Work task: Restate word for word the entries below, starting at the line with "A front view" and ending at the line with "Kaos est un". Keep both end lines and omit the pictures.

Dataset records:
Content starts

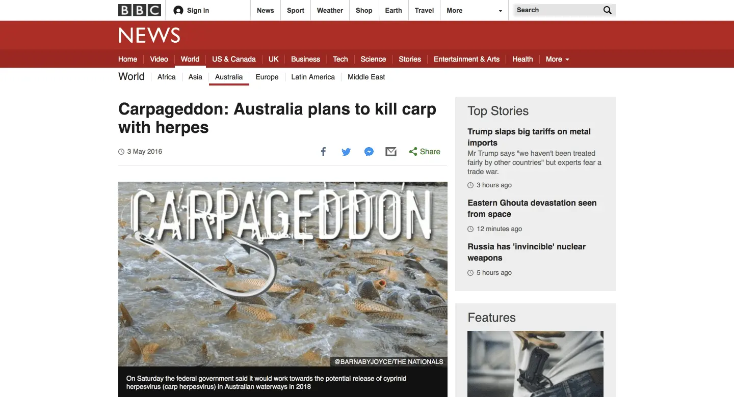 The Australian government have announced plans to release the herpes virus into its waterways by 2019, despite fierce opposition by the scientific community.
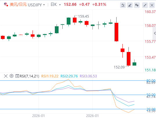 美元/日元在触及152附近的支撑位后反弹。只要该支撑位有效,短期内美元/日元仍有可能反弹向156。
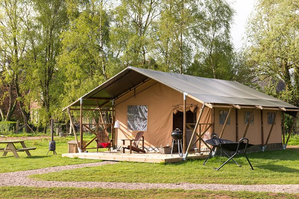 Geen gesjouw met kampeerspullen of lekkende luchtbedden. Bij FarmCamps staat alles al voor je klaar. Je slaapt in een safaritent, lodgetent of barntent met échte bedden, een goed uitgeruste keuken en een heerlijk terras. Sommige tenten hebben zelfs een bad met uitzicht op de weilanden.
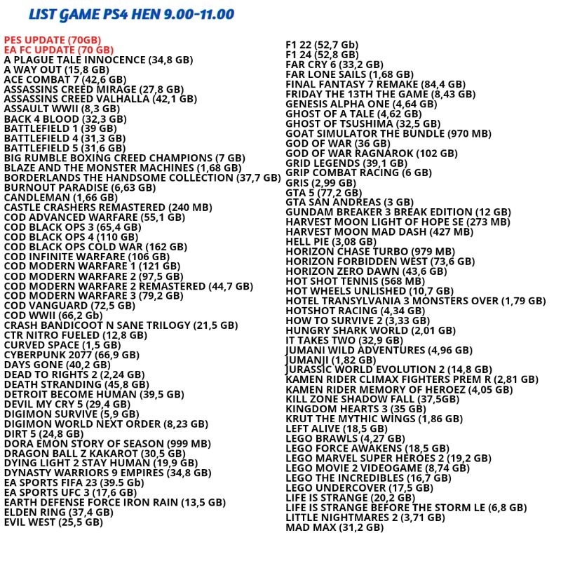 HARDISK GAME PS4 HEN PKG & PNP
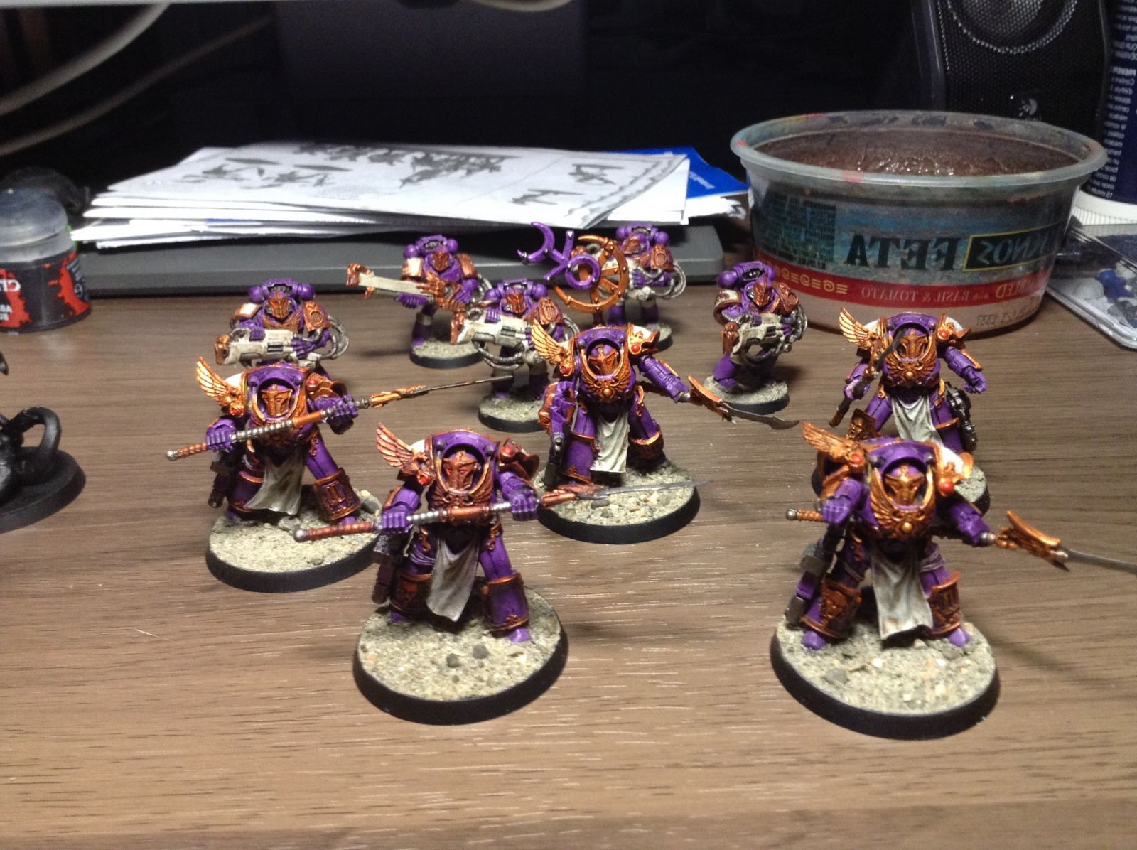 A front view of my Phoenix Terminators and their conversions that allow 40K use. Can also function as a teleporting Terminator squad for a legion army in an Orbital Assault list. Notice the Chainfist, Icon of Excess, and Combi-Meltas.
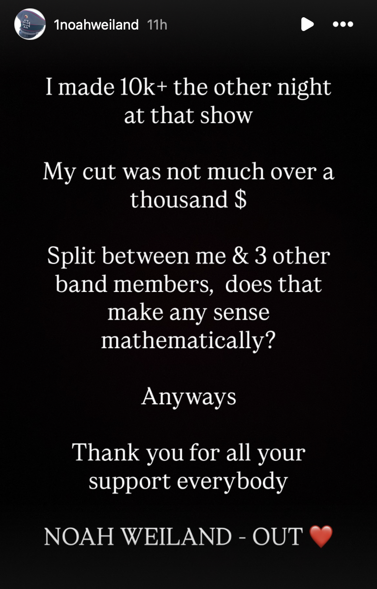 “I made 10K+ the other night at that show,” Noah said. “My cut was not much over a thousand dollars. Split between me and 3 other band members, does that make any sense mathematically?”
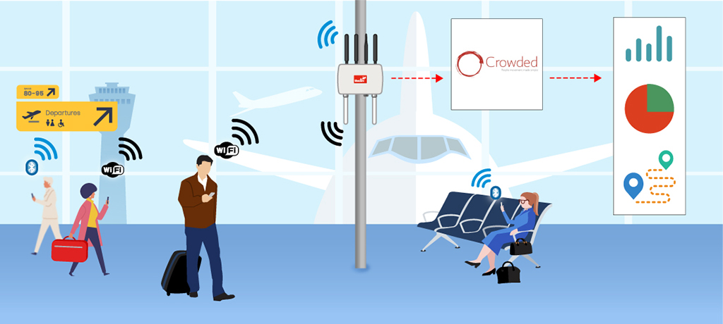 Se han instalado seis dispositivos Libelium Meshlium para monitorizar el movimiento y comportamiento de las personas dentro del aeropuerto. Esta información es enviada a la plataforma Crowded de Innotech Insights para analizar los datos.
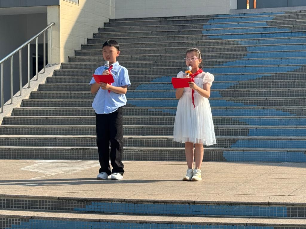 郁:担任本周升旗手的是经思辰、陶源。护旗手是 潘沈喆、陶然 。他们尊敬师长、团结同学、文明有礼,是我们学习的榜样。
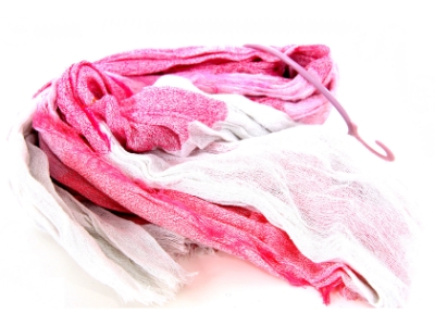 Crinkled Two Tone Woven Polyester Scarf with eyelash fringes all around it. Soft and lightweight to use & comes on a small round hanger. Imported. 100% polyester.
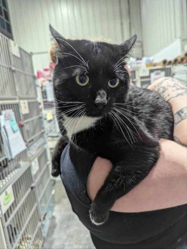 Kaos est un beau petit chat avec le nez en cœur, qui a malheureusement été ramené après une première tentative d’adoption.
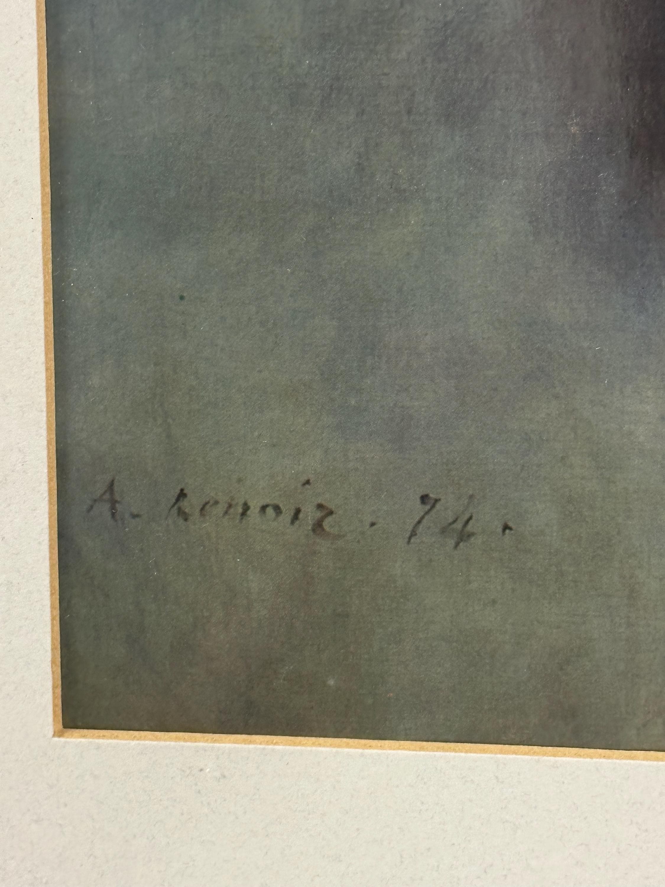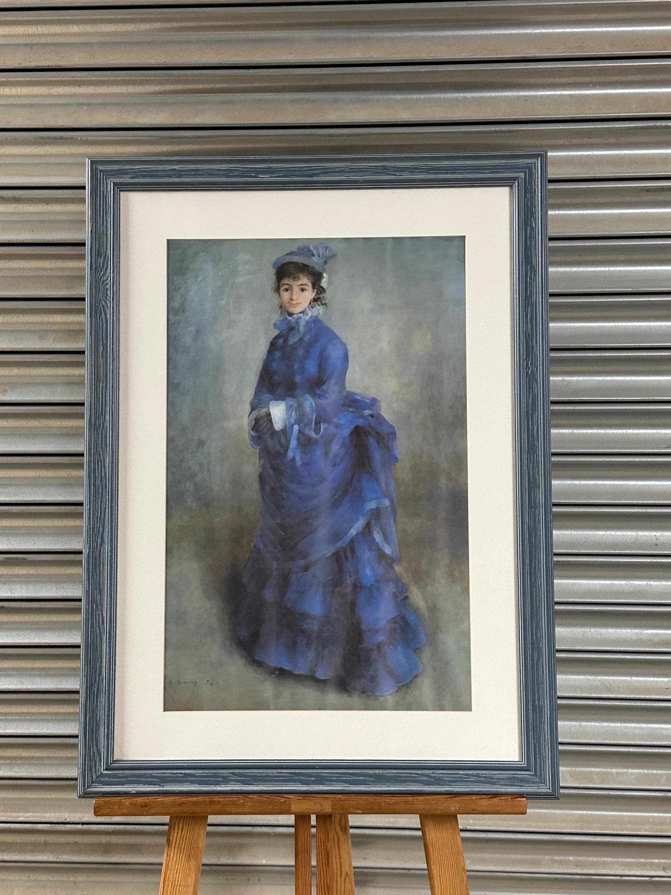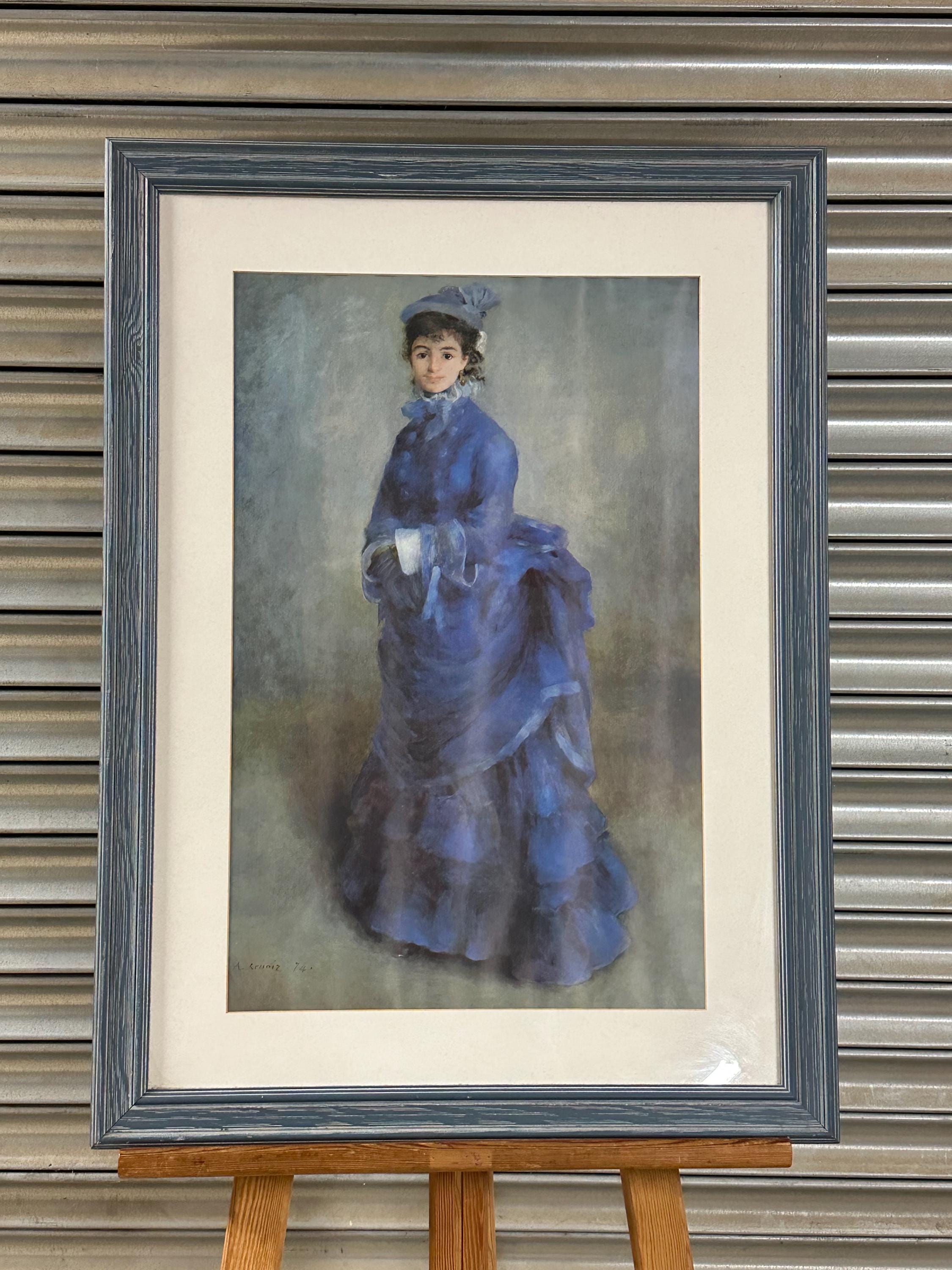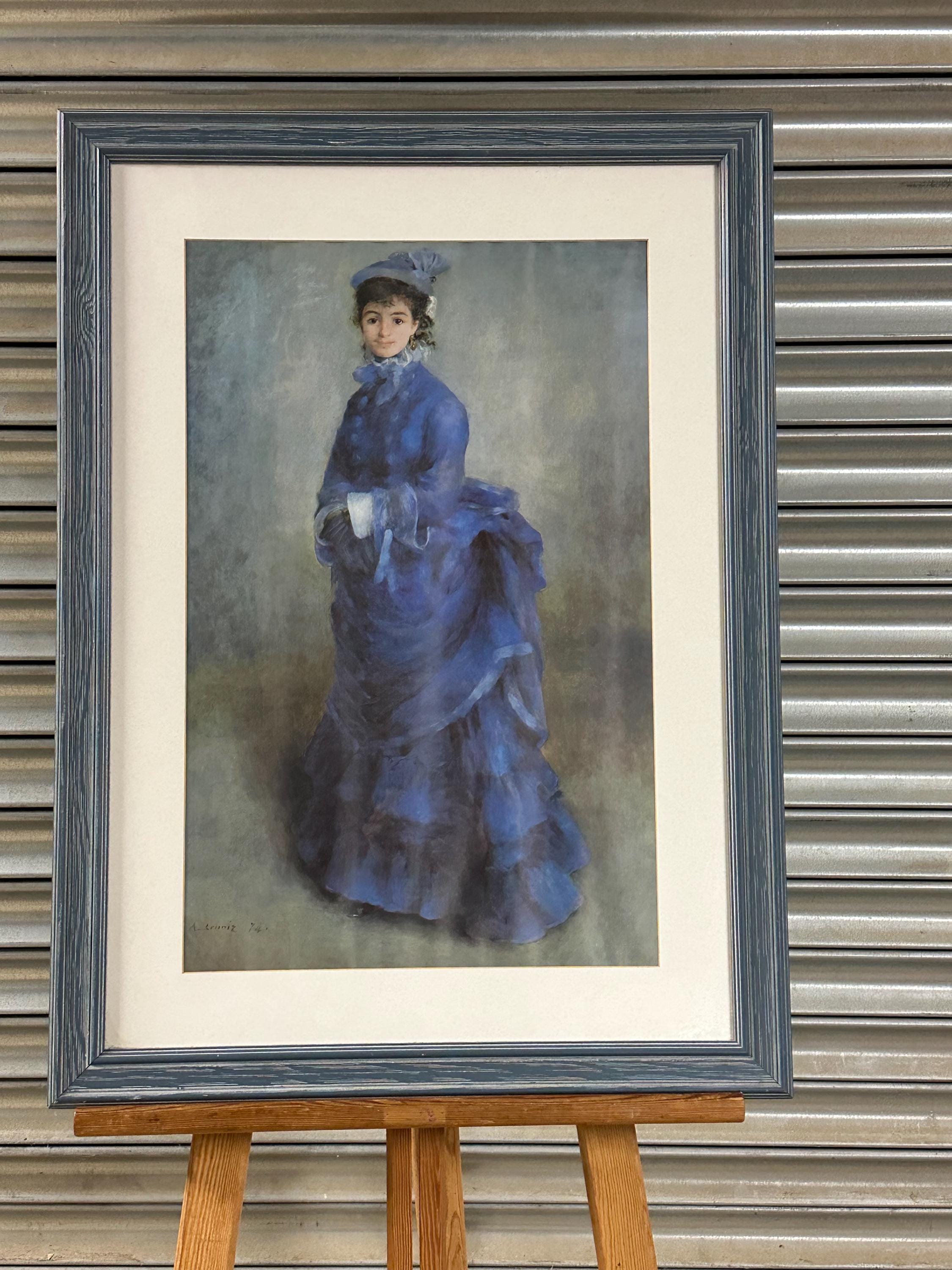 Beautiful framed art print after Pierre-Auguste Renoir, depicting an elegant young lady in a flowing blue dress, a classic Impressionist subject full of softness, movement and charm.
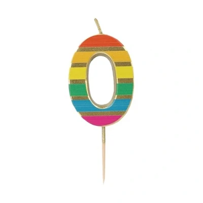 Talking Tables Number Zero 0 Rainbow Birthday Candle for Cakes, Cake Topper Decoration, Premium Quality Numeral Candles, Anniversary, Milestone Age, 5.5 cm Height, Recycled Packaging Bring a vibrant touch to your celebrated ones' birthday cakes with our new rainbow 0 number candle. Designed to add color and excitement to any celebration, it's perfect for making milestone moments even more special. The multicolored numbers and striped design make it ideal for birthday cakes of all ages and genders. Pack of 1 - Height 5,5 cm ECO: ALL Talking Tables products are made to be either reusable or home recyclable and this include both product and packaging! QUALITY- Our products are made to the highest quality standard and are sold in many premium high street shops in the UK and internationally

Content ends

Your response:
 A front view of my Phoenix Terminators and their conversions that allow 40K use. Can also function as a teleporting Terminator squad for a legion army in an Orbital Assault list. Notice the Chainfist, Icon of Excess, and Combi-Meltas.
 “I made 10K+ the other night at that show,” Noah said. “My cut was not much over a thousand dollars. Split between me and 3 other band members, does that make any sense mathematically?”
 Se han instalado seis dispositivos Libelium Meshlium para monitorizar el movimiento y comportamiento de las personas dentro del aeropuerto. Esta información es enviada a la plataforma Crowded de Innotech Insights para analizar los datos.
 郁:担任本周升旗手的是经思辰、陶源。护旗手是 潘沈喆、陶然 。他们尊敬师长、团结同学、文明有礼,是我们学习的榜样。
 Crinkled Two Tone Woven Polyester Scarf with eyelash fringes all around it. Soft and lightweight to use & comes on a small round hanger. Imported. 100% polyester.
 Kaos est un beau petit chat avec le nez en cœur, qui a malheureusement été ramené après une première tentative d’adoption.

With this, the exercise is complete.